Open practices: Open-source deliverables, reproducible benchmarks, and public datasets make your work more useful to the wider community and more palatable to reviewers.

Local impact and node-building: For node proposals, a concrete plan to recruit, mentor, and sustain a local research community adds weight. Funders want nodes that persist beyond the initial grant.

Common Mistakes to Avoid

  1. Vague milestones. Saying “we will explore X” is a red flag. Instead, provide specific experiments, evaluation metrics, and dates.

  2. No compute plan. Reviewers dislike projects that underestimate resource needs. Give realistic GPU/TPU estimates and show how you’ll use in-house node compute.

  3. Overly broad scope. Trying to cover too many objectives dilutes impact. Focus on a few achievable deliverables.

  4. Missing team capability. Don’t submit without showing you have the technical skills or access to partners who do.

  5. Ignoring openness questions. If you can’t open-source parts, explain why and offer controlled auditability.

  6. Weak budgets. A budget that doesn’t match milestones or omits essential costs (data acquisition, compute, instrument time) suggests poor planning.

Address these directly in your proposal and reviewers will reward clarity.

Frequently Asked Questions

Q: Can international teams apply? A: Yes. The program accepts individuals and organizations globally. The nodes are intentionally decentralized and include interest in regions such as Africa. Check the application form for any location-specific requirements.

Q: Are for-profit companies eligible? A: Yes. For-profits can apply but must justify why grant funding is needed versus private capital. Expect questions about IP, productization, and open-source commitments.

Q: How often are decisions made? A: Applications are reviewed monthly until the nodes reach capacity. Submit early in the cycle to get a faster decision.

Q: What does the program prioritize — safety or science? A: Both. Projects directly addressing AI safety (defense, verification, monitoring) often receive larger awards, but scientific infrastructure and domain applications (biotech, nanotech, neurotech) are eligible and supported with appropriate funding levels.

Q: Is open source required?
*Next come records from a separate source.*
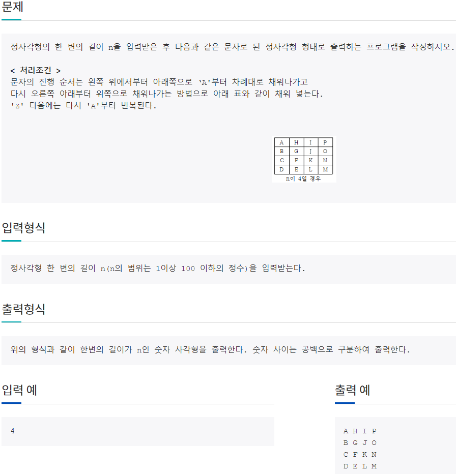 정사각형의 한 변의 길이 n을 입력받은 후 다음과 같은 문자로 된 정사각형 형태로 출력하는 프로그램을 작성하시오. < 처리조건 > 문자의 진행 순서는 맨 오른쪽 아래에서 위쪽으로 'A'부터 차례대로 채워나가는 방법으로 아래 표와 같이 왼쪽 위까지 채워 넣는다. 'Z' 다음에는 다시 'A'부터 반복된다. 정사각형 한 변의 길이 n(n의 범위는 1이상 100 이하의 정수)을 입력받는다. 위의 형식과 같이 한변의 길이가 n인 문자 사각형을 출력한다. 문자 사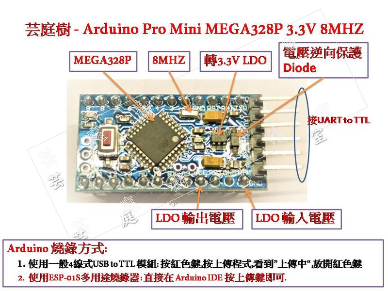 [芸庭樹] Arduino Pro Mini 3.3V/8MHZ 5V/16M ATMEGA 328P 168P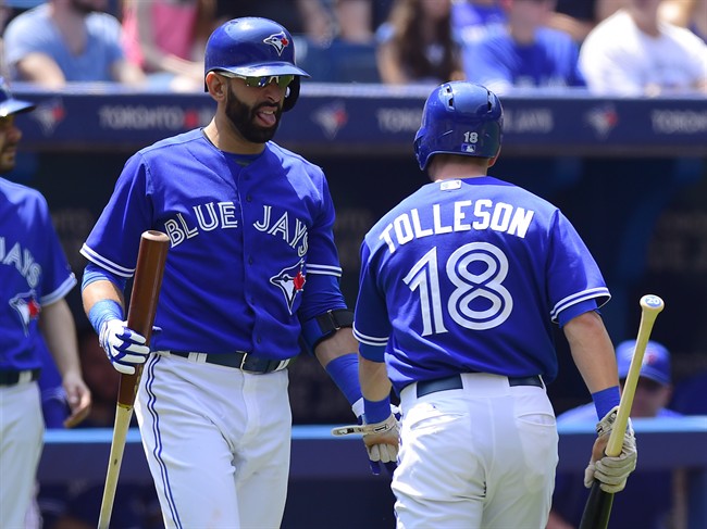Martin, a Toronto native who grew up in Chelsea, Que., had three hits and scored a run. Bautista and Josh Donaldson also had three hits apiece while Steve Tolleson chipped in with two hits and two runs to help Toronto (18-22) take the opener of the four-game series.

A: Preferred, but not strictly required. Provide a clear rationale if you keep components closed, and offer mitigations such as audit access or reproducible evaluation scripts.

Q: Can I apply multiple times? A: You can revise and resubmit if your first proposal is unsuccessful, but treat each submission as a new, improved draft. Since reviews are monthly, iterating quickly is feasible.

Q: What kind of support do nodes provide beyond funding? A: Grants are paired with office/community spaces, programming, and in-house compute designed to accelerate prototyping and foster collaboration.

Next Steps / How to Apply

Ready to apply? Don’t wait until the final week. Prepare the documents listed above, refine your milestones, and draft a crisp one-page summary that a non-specialist can understand.

Apply now through the official form: https://airtable.com/appyVXc5SMPAvIKpP/pagzBRWeiG3HjH6Qn/form

Before submitting, recheck the program’s full initiative page at the Foresight Institute for any updated guidelines or FAQs. If you plan to request node-specific resources (on-site space, special hardware), describe those needs clearly in your compute and budget sections.

If you want a quick checklist before you hit submit:

  • One-page executive summary that answers What, Why, How, and When.
  • Clear milestones with dates and measurable deliverables.
  • Realistic budget tied to milestones.
  • Team bios demonstrating relevant experience.
  • Compute and openness plan.
  • Letters of support if you require external facilities or collaborations.

Apply early, write precisely, and make every sentence earn its place. This program rewards clear thinking, concrete outcomes, and teams that can show how their work will make AI-enabled science safer and more accessible. Good luck — and if your proposal lands a node, expect to go from idea to demonstrable results much faster than you thought possible.